Suu Kyi's detention extended by a year
Yangon (Asianews/Agencies) Myanmar's opposition leader Aung San Suu Kyi has had her house arrest extended, her party said on Monday. Aung San Suu Kyi has been held since May 2003, after clashes between her supporters and pro-government forces in northern Burma.
U Lwin, spokesman for Aung San Suu Kyi's National League for Democracy (NLD), said Suu Kyi's house arrest had been extended under the Law Safeguarding the State from the Danger of Subversive Elements. It allows for a one-year detention of those considered a threat to the state.
The reported extension comes after Burma's ruling junta pledged to release 9,000 prisoners, "inappropriately" jailed by the military intelligence headed by former Prime Minister Khin Nyunt. However, only a handful of the country's estimated 1,300-1,400 political prisoners were among those freed, the opposition says.
The Nobel Laureate has been detained in her lakeside villa since September 2003. She was first detained in May that year, spending some months in Insein jail, then receiving medical treatment for a gynaecological condition, before being confined to her home. Aung San Suu Kyi has been under house arrest twice before - the first time for six years between 1989 and 1995, and the second time for 20 months until she was freed in May 2002. Her party won a landslide victory in 1990 but has never been allowed to govern by the military, which has run the nation since 1962.

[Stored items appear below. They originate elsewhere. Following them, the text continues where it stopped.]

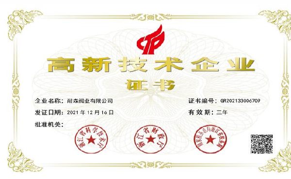 此次被认定为国家高新技术企业既标志着耐森阀业得到了国家相关单位的充分认可,也是对公司长期坚持技术创新和高质量发展的有力诠释。
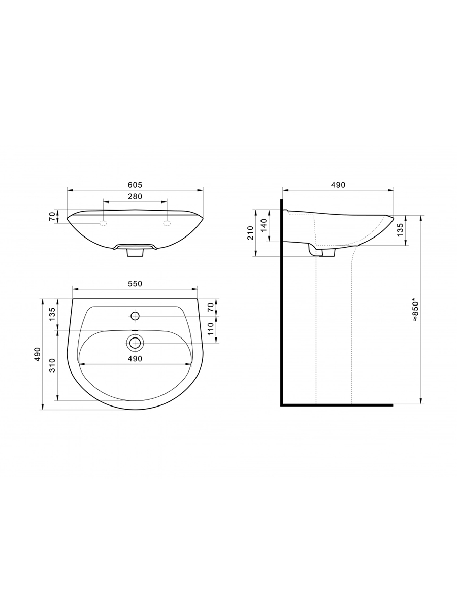 - Идеальна в качестве раковины подвесной 60 см для средних и компактных ванных комнат.
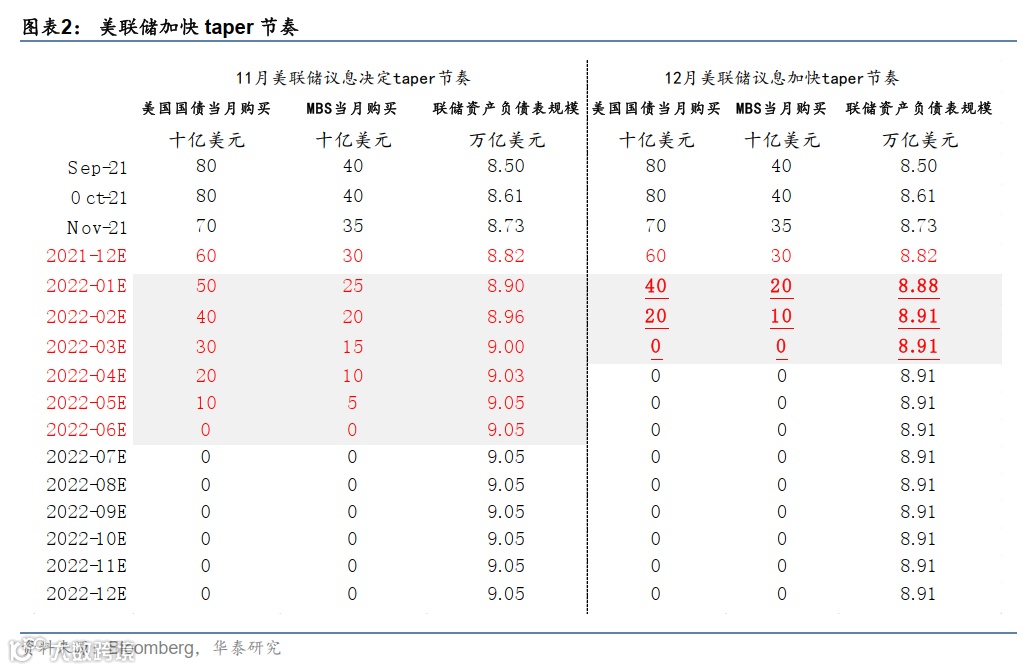 北京时间12月16日(周四)凌晨,美联储公布12月议息决议,如期修正通胀(预测)、去除了对通胀判断为“暂时性”的表述,并加快taper节奏——三项关键调整均符合市场预期。美联储将每个月的削减力度进一步加大到300亿美元,即每个月减少200亿美元的国债购买、100亿美元的MBS购买——如我们在20211214《联储或加速taper,意在回归中性立场》中所预期。以此推算,QE削减将“提前”一个季度于2022年3月完成,美联储资产负债表峰值将在8.9万亿美元左右(参见图表2)。议息决议公布后,美债10年期利率小幅震荡,仍继续收于1.45%左右;美元指数从96.8回落到96.3;黄金现货价格小幅上涨(截至北京时间12月16日8:00)。
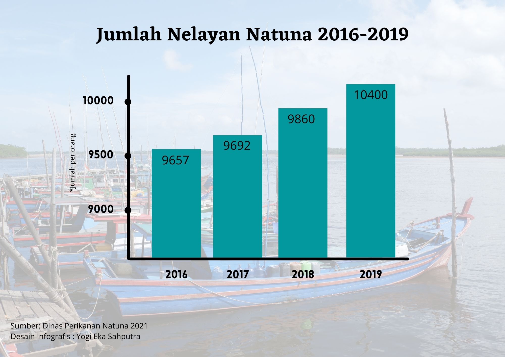 Data Dinas Perikanan Kabupaten Natuna menunjukan jumlah nelayan Natuna meningkat setiap tahunnya sejak 2016-2019. Tahun 2016 jumlah nelayan Natuna 9.657 orang, kemudian 2017 sebanyak 9.692 orang, 2018 sebanyak 9.860 orang, dan naik drastis tahun 2019 menjadi 10.400 orang.
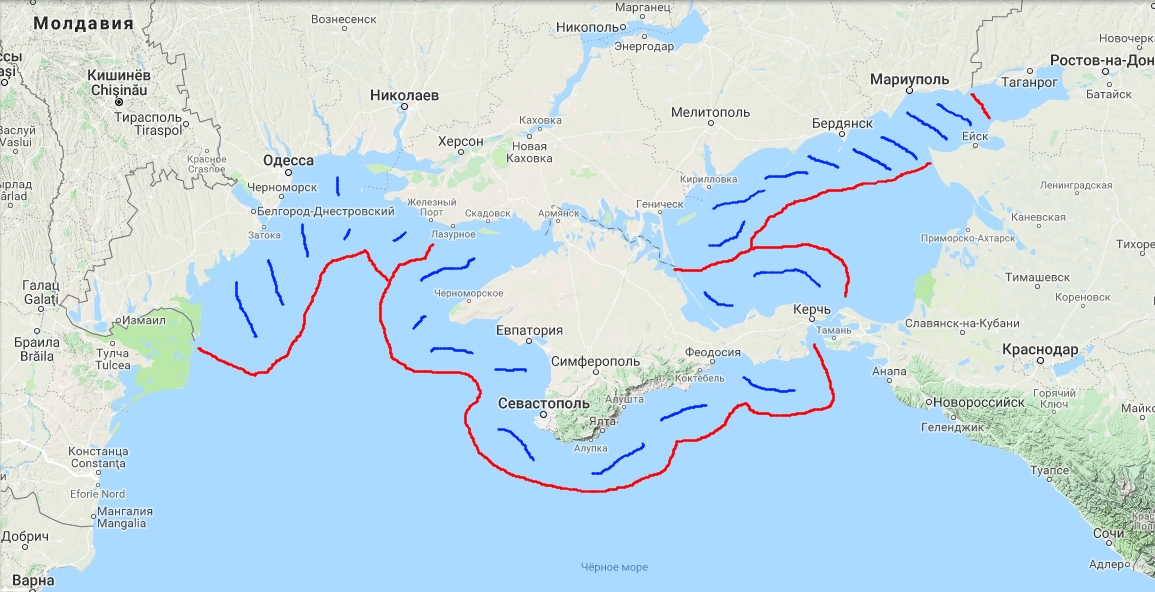 Граница черного и азовского моря на карте
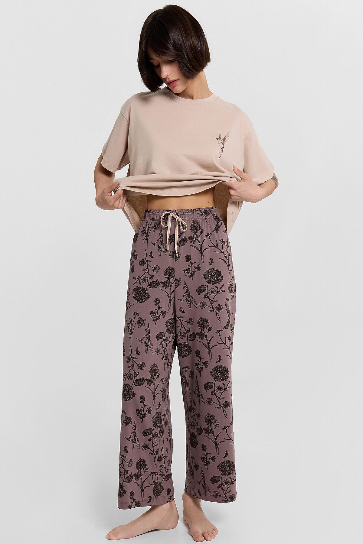 Особую элегантность комплекту придает пришивная бейка на поясе, которая завязывается в нежный бант из основного материала. Все швы аккуратно обработаны, что обеспечивает долговечность даже после многократных стирок.
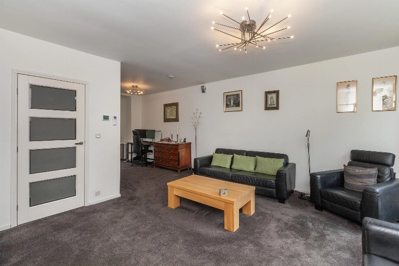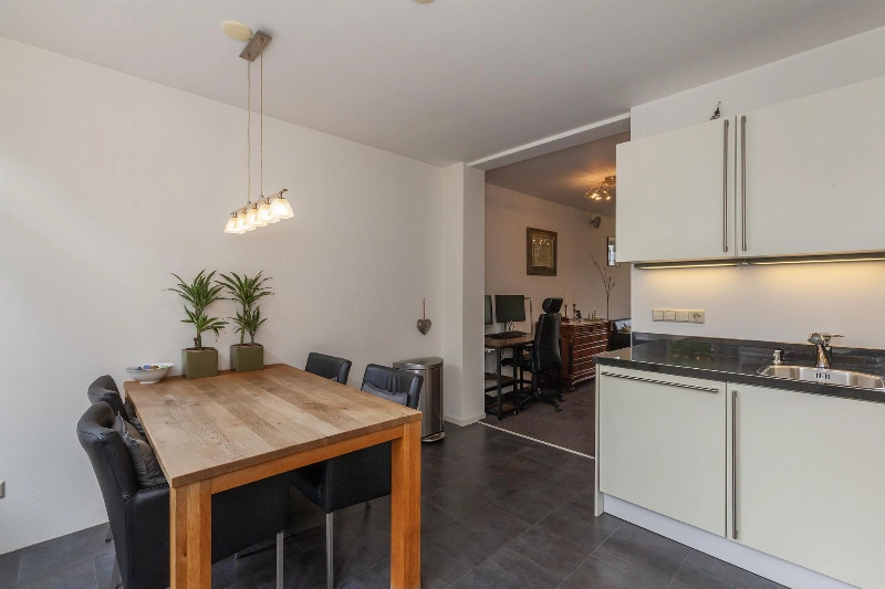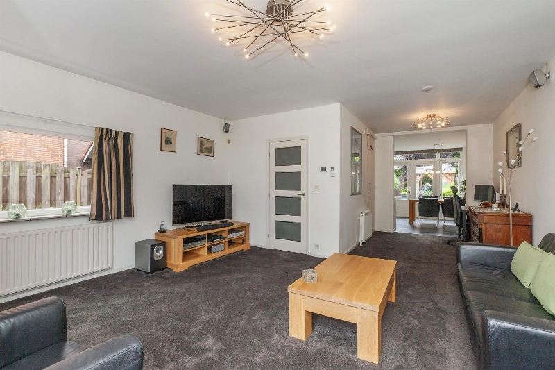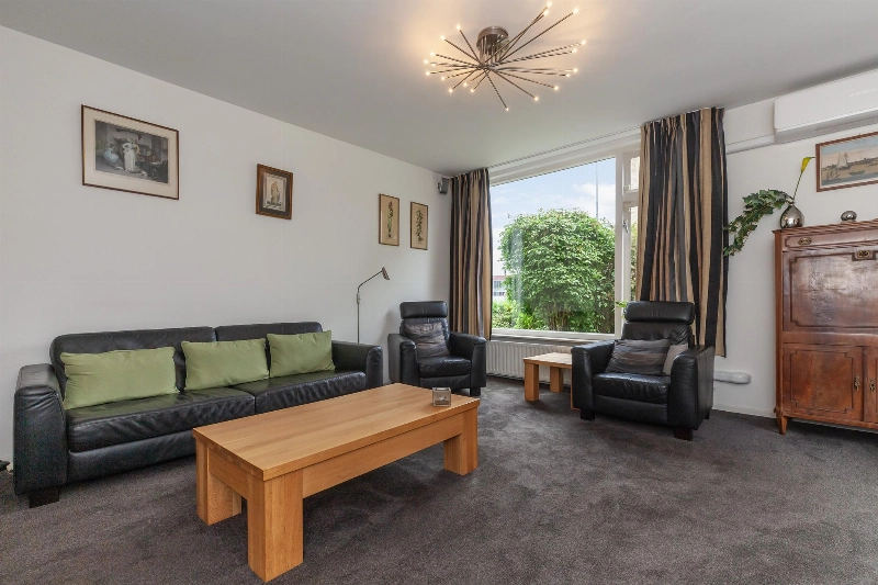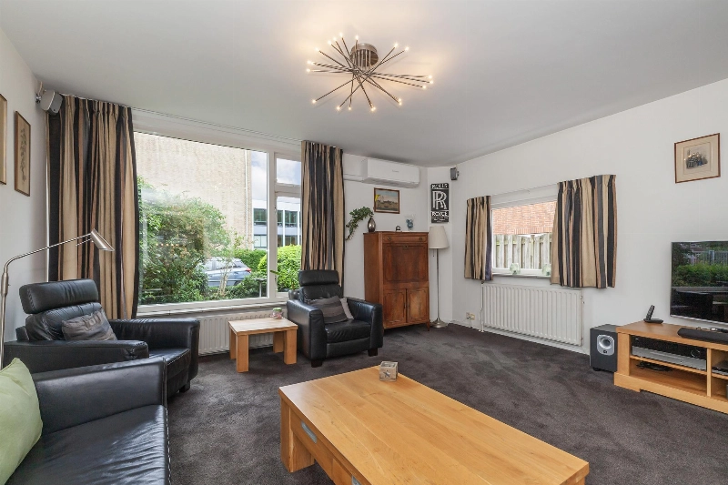 De ruime en gezellige woonkamer heeft de zithoek aan de voorzijde van de woning en is voorzien van airco. De grote ramen zorgen voor veel lichtinval en geven ook nog eens een leuk zicht op de voortuin en straat.
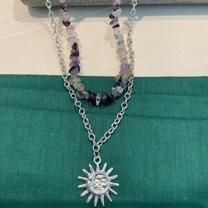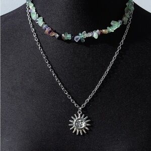 Silver Tone Sun Necklace & Multi Color Stone Beaded Necklace
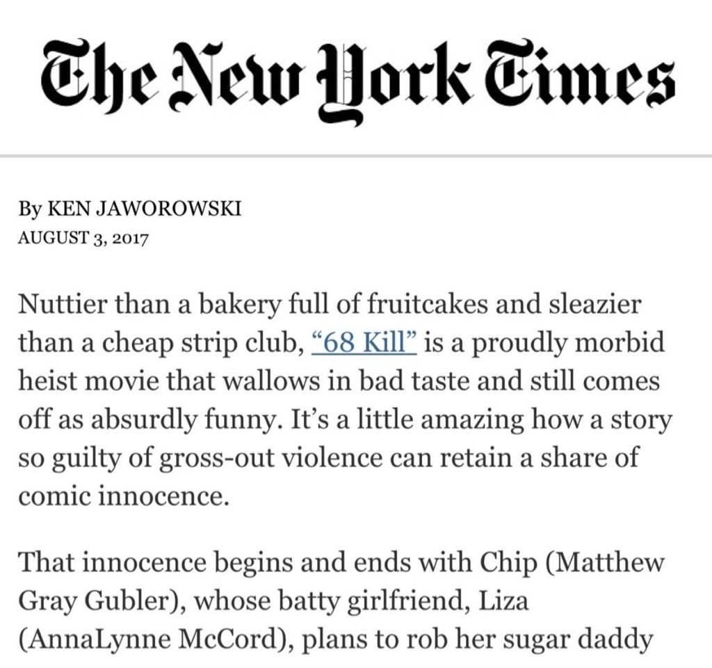 #68kill opens this weekend and i'll be doing a Q&A in NYC saturday at 10pm at @IFCCenter ifccenter.com/films/68-kill/

The reported extension follows the appointment of a new Burmese Prime Minister, Soe Win, who is thought to oppose engaging with the NLD. He is also thought by some government critics and diplomats to have been responsible for orchestrating the clashes which led to Aung San Suu Kyi's detention last May.
News of her extended house arrest came as ASEAN leaders held their annual summit in Laos, where Myanmar has tried to allay concerns about its "roadmap to democracy" following a purge within the junta last month.